AIM OF THE TASK ::
For the data below, give again exactly the lines from the one containing "Detta glas med" through the one containing "Oriental Runner Rug", both ends included, and no others.

INPUT DATA ::
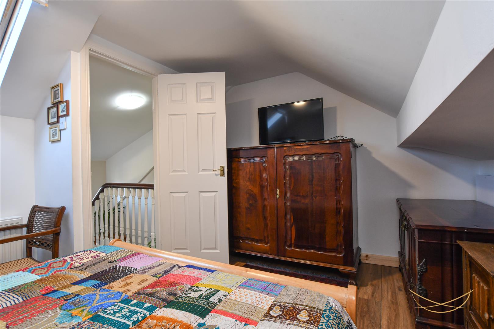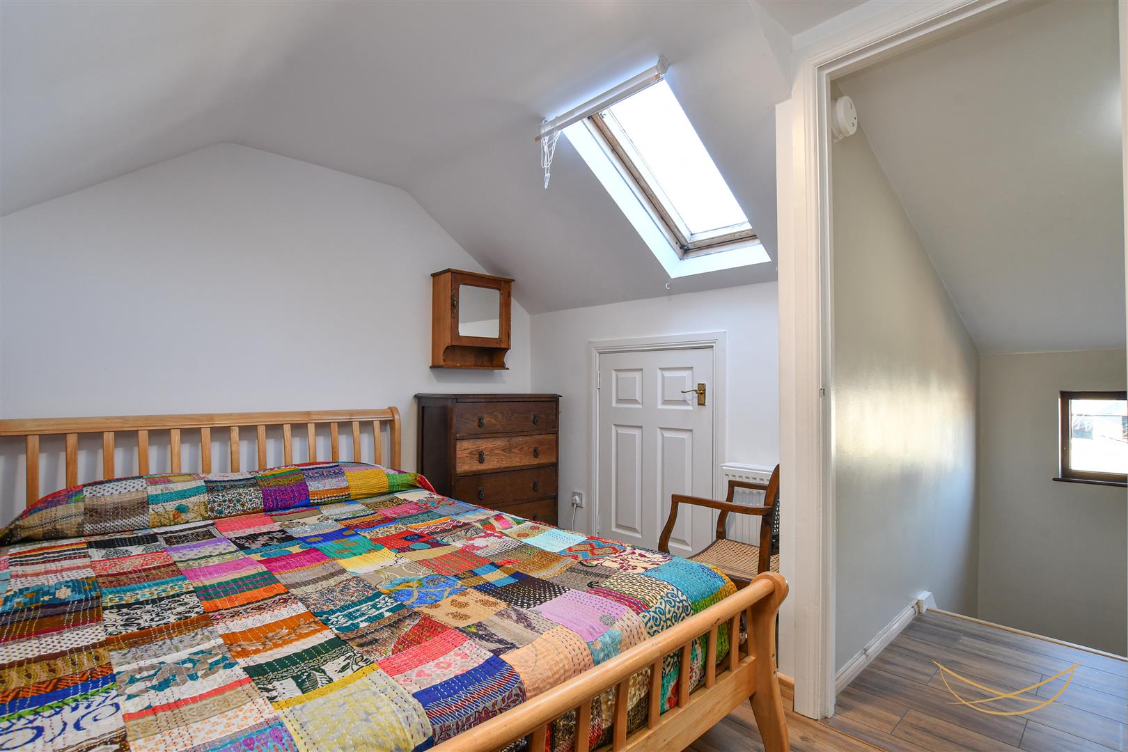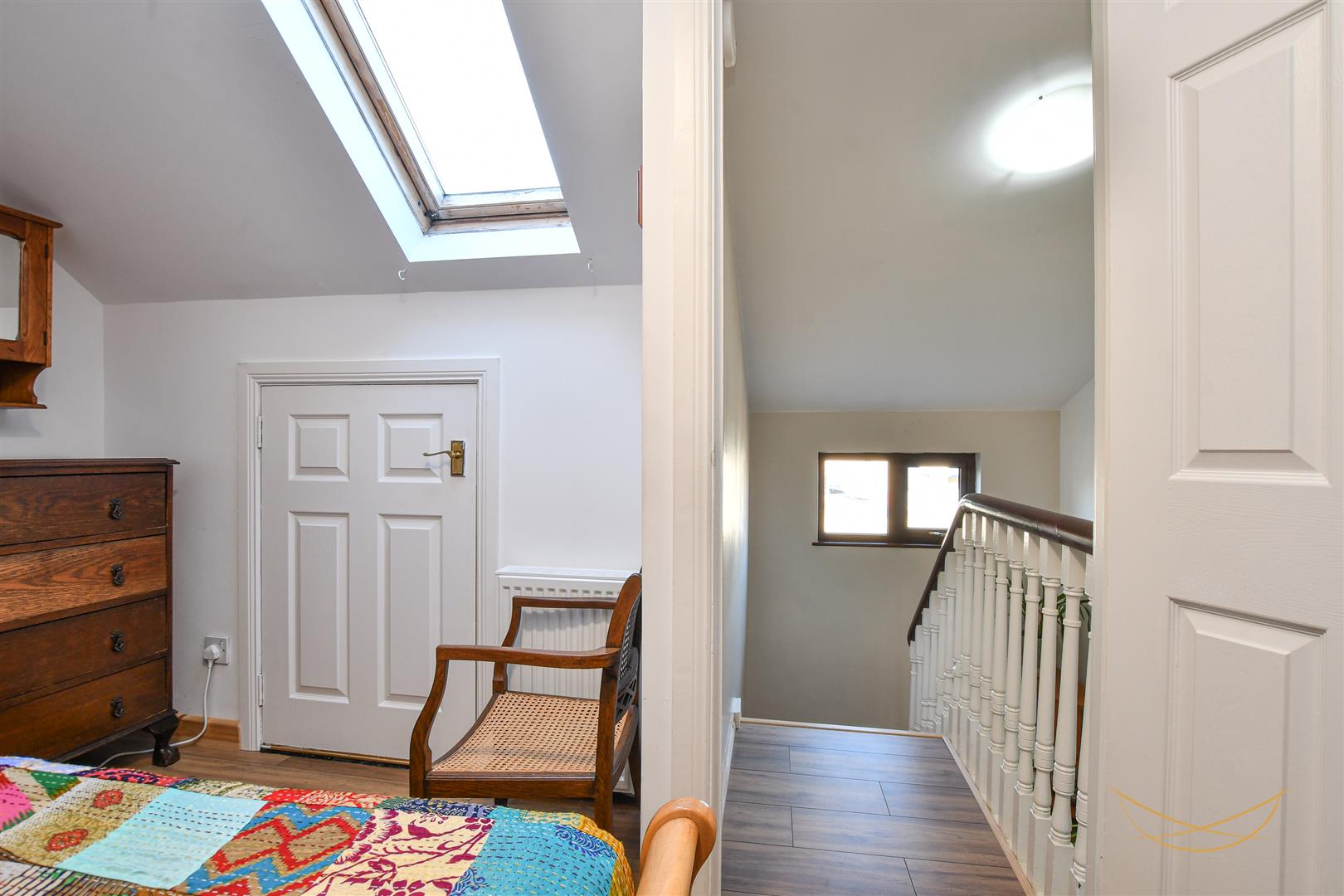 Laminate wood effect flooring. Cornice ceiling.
---
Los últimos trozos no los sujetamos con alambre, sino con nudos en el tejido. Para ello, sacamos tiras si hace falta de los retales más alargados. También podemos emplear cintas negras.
==
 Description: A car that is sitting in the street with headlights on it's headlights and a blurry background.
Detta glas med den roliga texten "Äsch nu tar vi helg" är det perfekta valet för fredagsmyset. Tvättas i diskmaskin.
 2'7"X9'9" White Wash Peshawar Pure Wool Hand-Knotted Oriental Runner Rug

YOUR RESPONSE ::
Detta glas med den roliga texten "Äsch nu tar vi helg" är det perfekta valet för fredagsmyset. Tvättas i diskmaskin.
 2'7"X9'9" White Wash Peshawar Pure Wool Hand-Knotted Oriental Runner Rug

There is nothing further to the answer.